Neither, really; when you can blacklist the IMEI. Requires almost no cooperation from the handset(if the handset merrily spoofs IMEIs that wouldbe a problem; and by no means impossible; but heavily frowned upon basically everywhere; and by most telcos and baseband/SoC vendors, so much less likely than 'merrily ignores California anti-theft killswitch law); renders it similarly useless as a phone (unlike the ‘just sold overseas where they don’t use our blacklists’ problem that makes this a tepid anti-theft mechanism; you only need the cooperation of carriers with signal coverage of the prison); and gives you the interesting opportunity to continue observing it to see if, and which, SIMs various optimists my try using to get it to work.

Burning SIMs is whack-a-mole; but IMEIs are a bit less ephemeral.

Smuggled cellphones are also a crucial lifeline for incarcerated activists fighting against prison slavery and brutality.

I suspect that they aren’t carefully sorting and forwarding genuine calls to mom; but it would be deeply unsurprising if some prisons have healthier stingray populations than most marine preserves. The FCC has taken a dim view of straight, brute-force, jamming; but clearly doesn’t care about the more discrete stuff; and a building full of people who aren’t supposed to have cellphones, some of them suspected of conversing with their criminal associates, seems far too juicy to pass up.

Naturally, any results with be the work of ‘a confidential informant’; keeping it all neatly unverifiable.

It’s what authority does. If they don’t brick it, its on a stingray anyhow.

We won our independence from tyranny, without cell phones.

What was the lifeline -before- cell phones, and was it more, or less, effective?
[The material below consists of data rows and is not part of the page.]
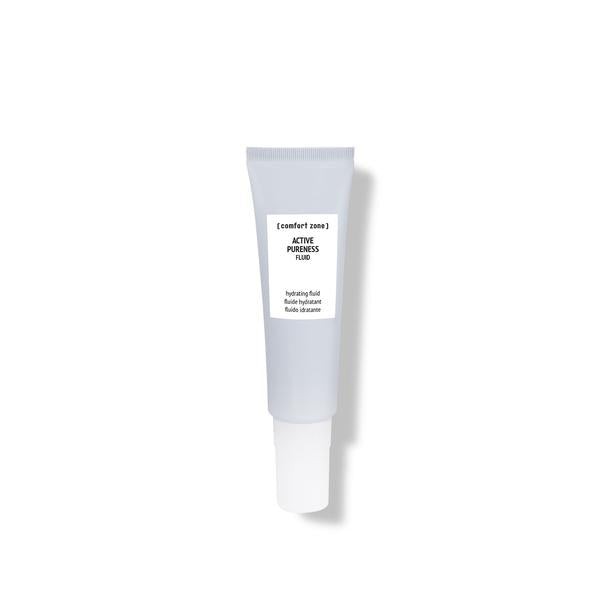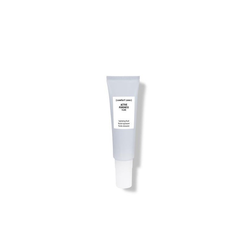 [ comfort zone ] Active Pureness Fluid. A unique hydrating and mattifying fluid, formulated with Vitamin C and matte powders as an ideal hydrating product or make-up base. For oily skins, recommended in hot, humid climates.
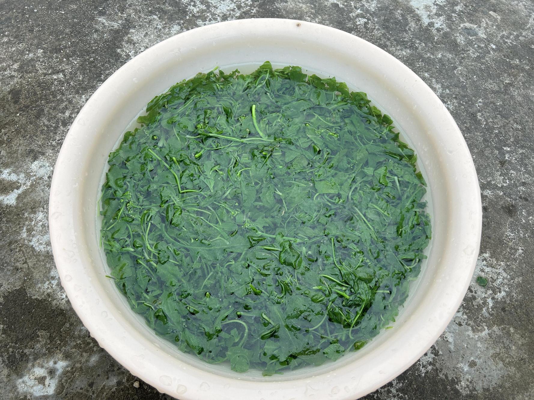 盆子裏放入適量的水,把薺菜分成若干份,每次大約洗1-2斤比較合適。薺菜清洗的時候動作要輕,別把葉子洗傷了。洗3-4次,洗到盆子裏的水底摸起來沒有泥沙就可以了。
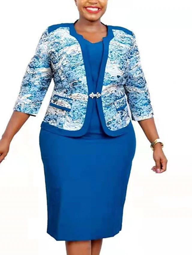 Women‘s Plus Size Curve Work Dress Leaf Crew Neck 3/4 Length Sleeve Spring Fall Stylish Work Knee Length Dress Vacation Going Out Dress
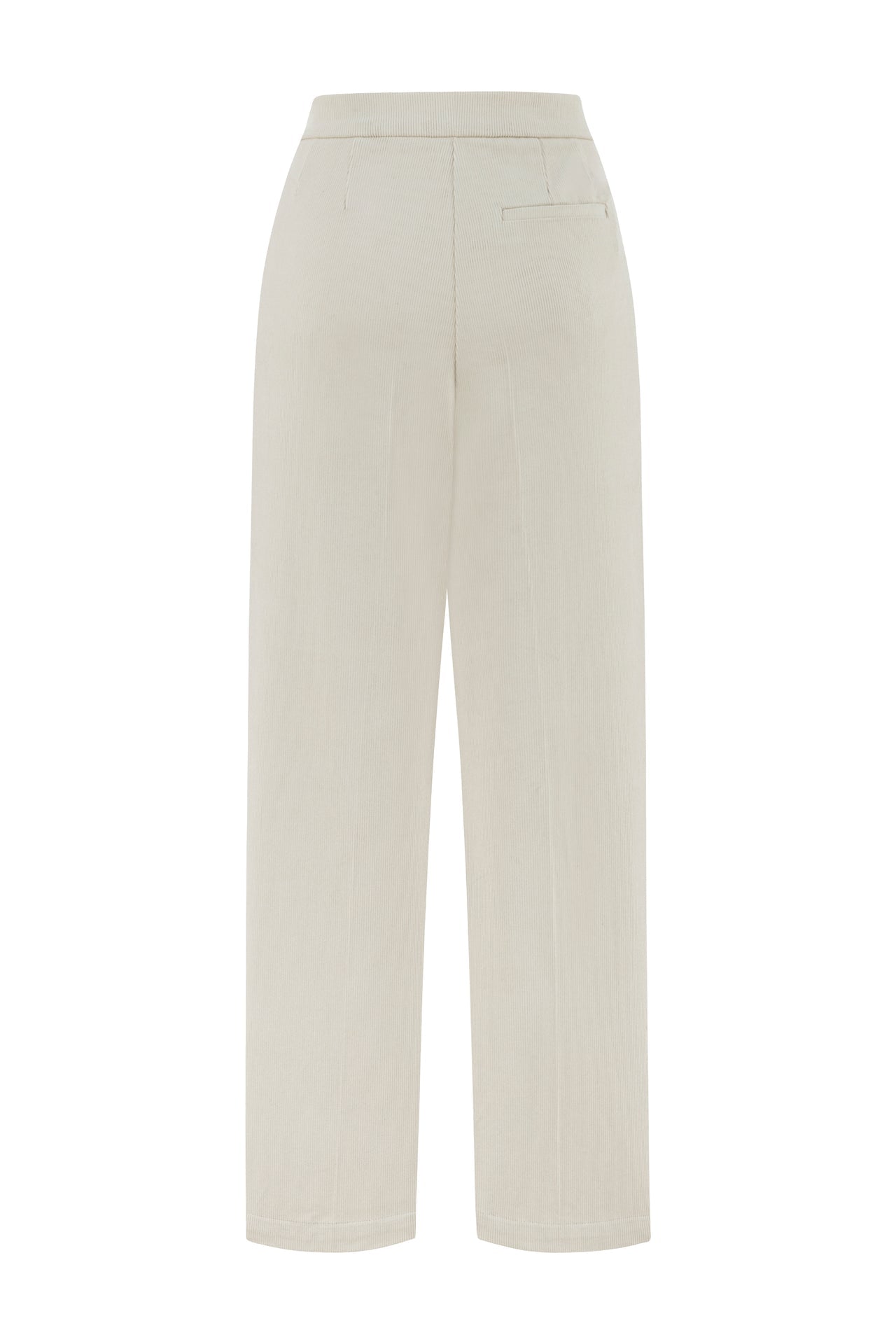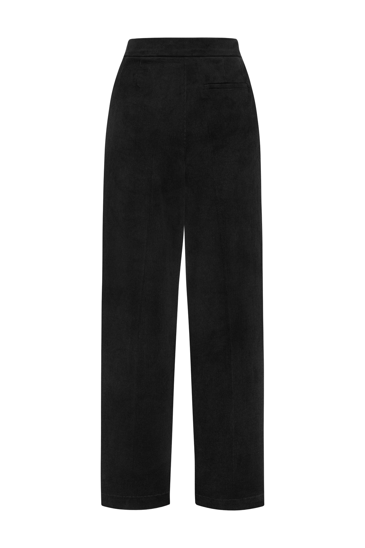 High-waisted straight leg trousers made of velvet fabric.
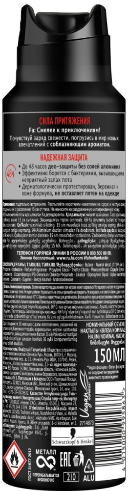 Fa Дезодорант-антиперспирант для мужчин «Сила притяжения»-20% +21
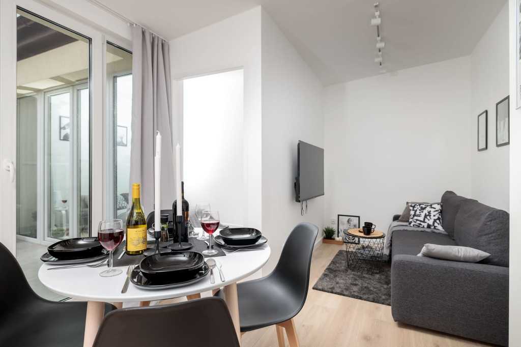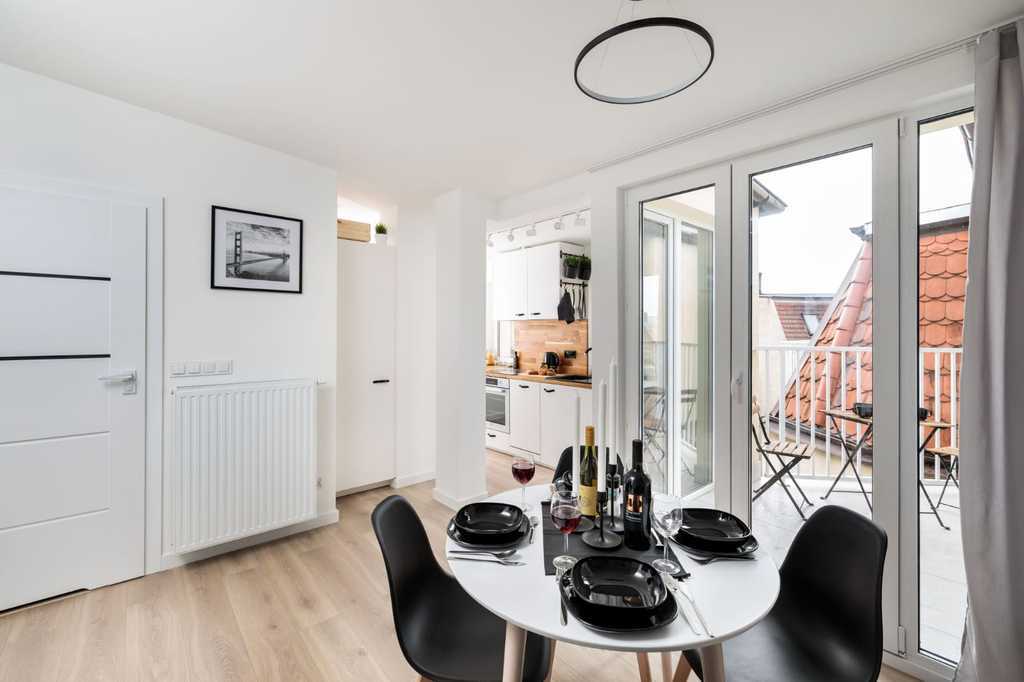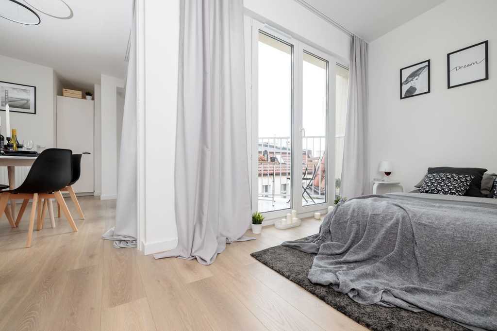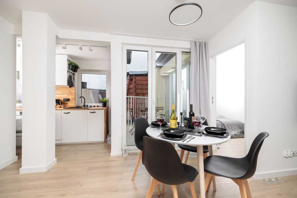 A new, luxurious 2-room apartment for rent, located at al. Pope John Paul II (al. Fountain) in the very center of Szczecin. Great, very well connected location! Right next to it are numerous restaurants, cafes, ice cream parlors, shopping centers, shops, pharmacies, banks and public transport stops. The area is ideal for young couples and singles. Everywhere nearby! Nearby are Jasna Błonia, Kasprowicz, Gen. Andersa, Żeromskiego and Wały Chrobrego parks. The area of 38.27 m2 consists of: – living room with kitchenette, – bedroom, – bathroom with toilet, – hall. The property has not been rented yet. The apartment is in perfect visual and technical condition, clean and well-kept. Rooms fully furnished. Functional living room, divided into 3 zones: kitchen, dining and lounge. The bedroom is very well lit. Both rooms have access to a large balcony. The kitchen is bright and fully equipped. Large bathroom with bathtub, toilet, washbasin and washing machine. The apartment is located in the attic (4th floor) of a tenement house. The staircase needs renovation, but it is clean and tidy. Public parking spaces nearby. The monthly rent is PLN 2,600. Additionally paid: administrative rent for the community approx. PLN 330, utilities – gas (heating and hot water) and electricity (according to consumption). A deposit of PLN 3,000 is required. Preferred conclusion of an occasional lease agreement for a minimum period of 1 year. I highly recommend and invite you to the presentation.
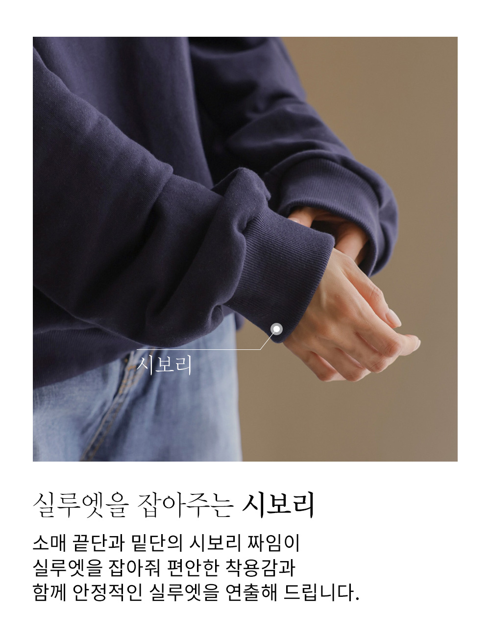소매핏 여유  /   소매길이 손덮음
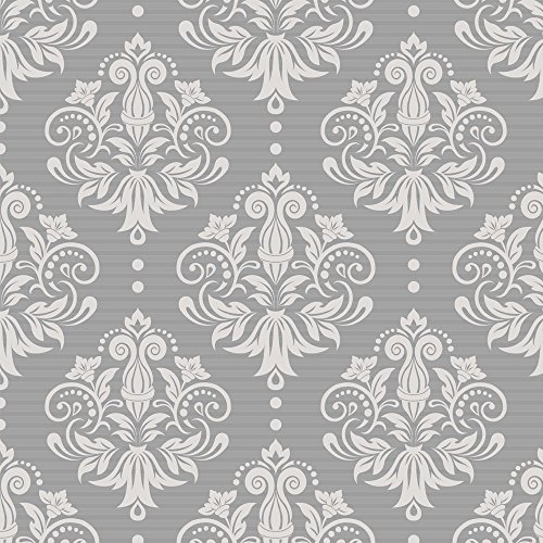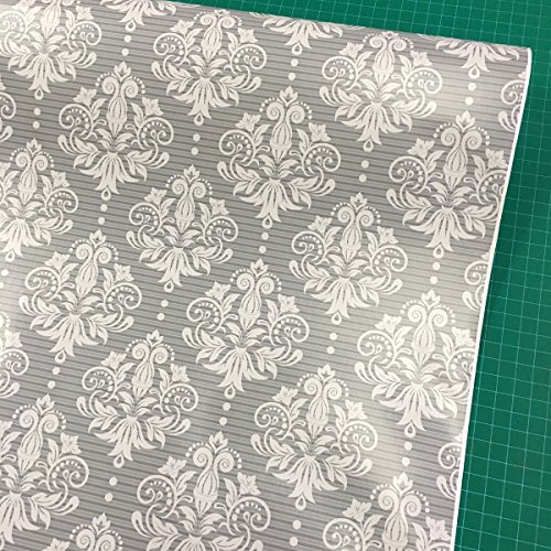 SimpleLife4U Peel & Stick Drawer Liner Removable Contact Paper for Covering Apartment Old Cabinets Shelves, Gray-White Damask, 17.7 Inch By 9.8 Feet
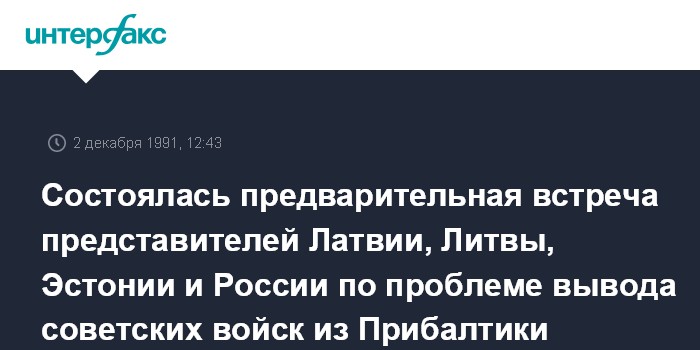 Таллинн. 2 декабря. ИНТЕРФАКС. Депутат парламента Эстонии Юри Лийм (Juri Liim) сообщил "Балтфаксу" (совместное предприятие "Интерфакса" и агентства БНС), что 29 ноября в резиденции правительства в Лохусалу под Таллинном состоялась предварительная встреча представителей Эстонии, Латвии, Литвы и России. На ней обсуждалась проблема вывода советских войск из Балтийских стран.
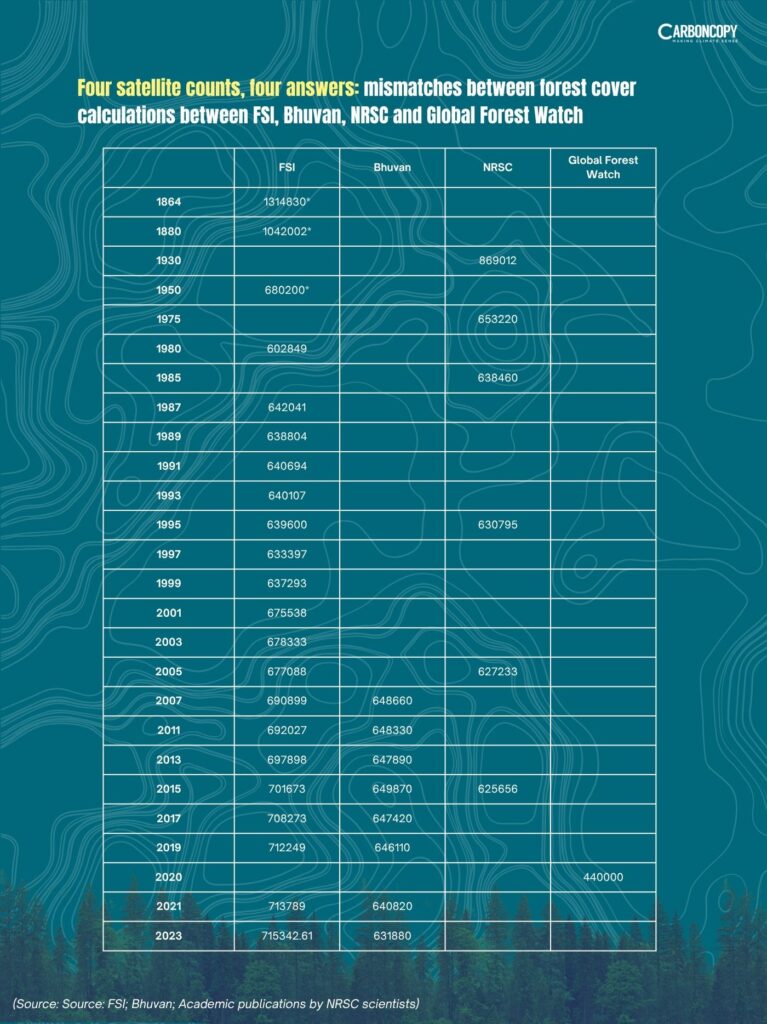 CarbonCopy has written to the FSI asking it to comment on the contradiction between its numbers and those of NRSC and Global Forest Watch. This article will be updated when they respond. For now, though, even the Bhuvan and Global Forest Watch numbers constitute an upper range on what India’s natural forest cover might be.
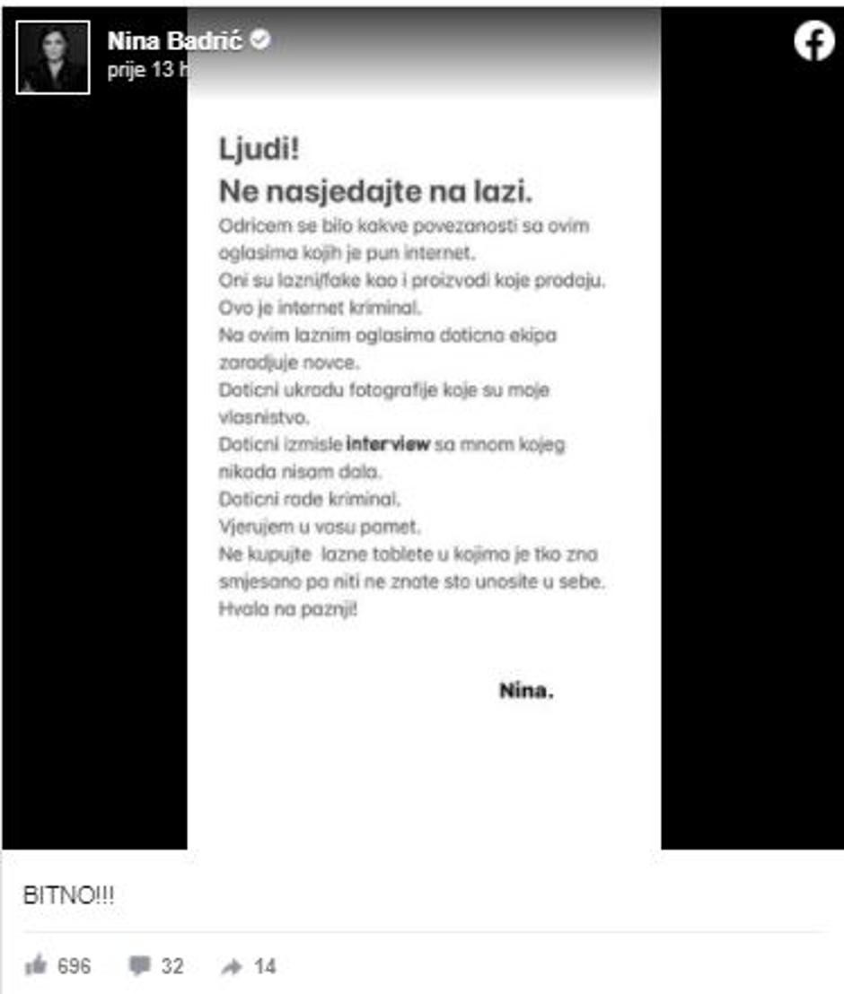 "Дотични личности крадат фотографии што се моја сопственост. Тие измислуваат интервју со мене што не сум го дала. Прават злосторство. Верувам дека сте паметни", напиша Нина и продолжи: "Не купувајте лажни апчиња што имаат кој знае што во нив, па нема ни да знаете што внесувате во себе. Ви благодарам за вниманието “, заклучи таа.
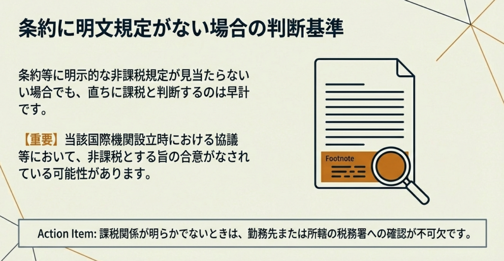 さらに、専門家として留意すべき点として、条約等に明示的な非課税規定が見当たらない場合でも、その国際機関の設立時の協議などにおいて、非課税とする旨の合意がなされている可能性も考えられます。したがって、条約の条文確認だけで完結せず、当該機関の設立経緯など、より深いレベルでの事実確認が求められる場合があることを念頭に置いてください。
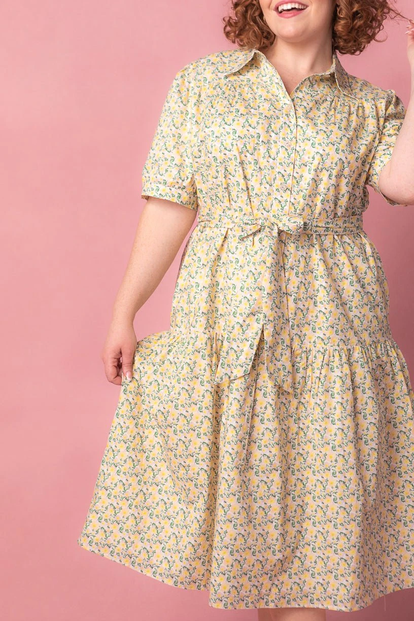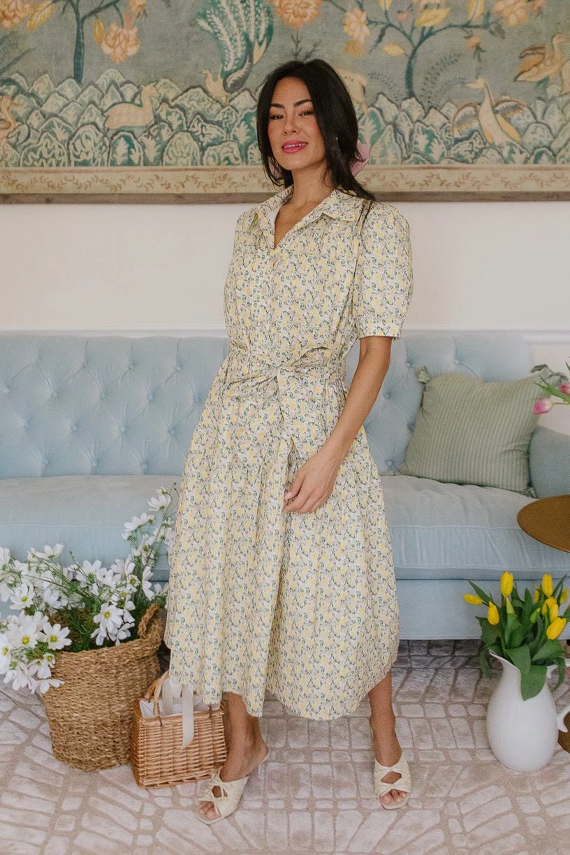 yellow cotton collared midi dress
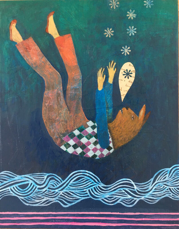 After several years in Boston, Libby headed West again to settle down in Washington state with her family (Libby is married to author Matthew J. Sullivan) and began working as an academic librarian. At this time, Libby’s artwork evolved in a more narrative direction. She began developing an entirely new way of combining the elements of collage and painting together in small-scale works.  Using her own unique method to create her images, Libby seeks to engage the viewer in a mysterious, whimsical world that is full of more questions than answers.
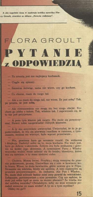 Archiwum / Proza nr 1931 (17/1982) 111/345 Podziel się Tytuł Pytanie z odpowiedzią Autor Flora Groult Kategoria Proza Artykuł z numeru 1931 (17/1982) Data wydania 13 czerwca 1982 Tagi Flora Groult nowelka

Officially permitted calls and visits, smuggled letters.

Regrettably:

1. Permitted contact is already sharply limited by both overt restriction and financial exploitation. Geographic factors also cause harm; urban prisoners are increasingly incarcerated in isolated rural prisons.

2. Prison authorities routinely respond to activism by cutting off contact with the external world. Most prison strikes are barely reported, and prisoner advocacy networks are routinely filled with alerts along the lines of “Joe X is one of our guys in prison Y, he’s been in lockdown for three weeks and we have no idea if he’s still alive”.

Probably less; letters are a very slow means of conducting a detailed conversation.

Prison brutality and slavery is not a new thing, although the scale and industrialisation of it is. US prisoners have been de facto slaves ever since the Civil War, but it’s only now that prisoner numbers are back up to levels comparable to antebellum slavery.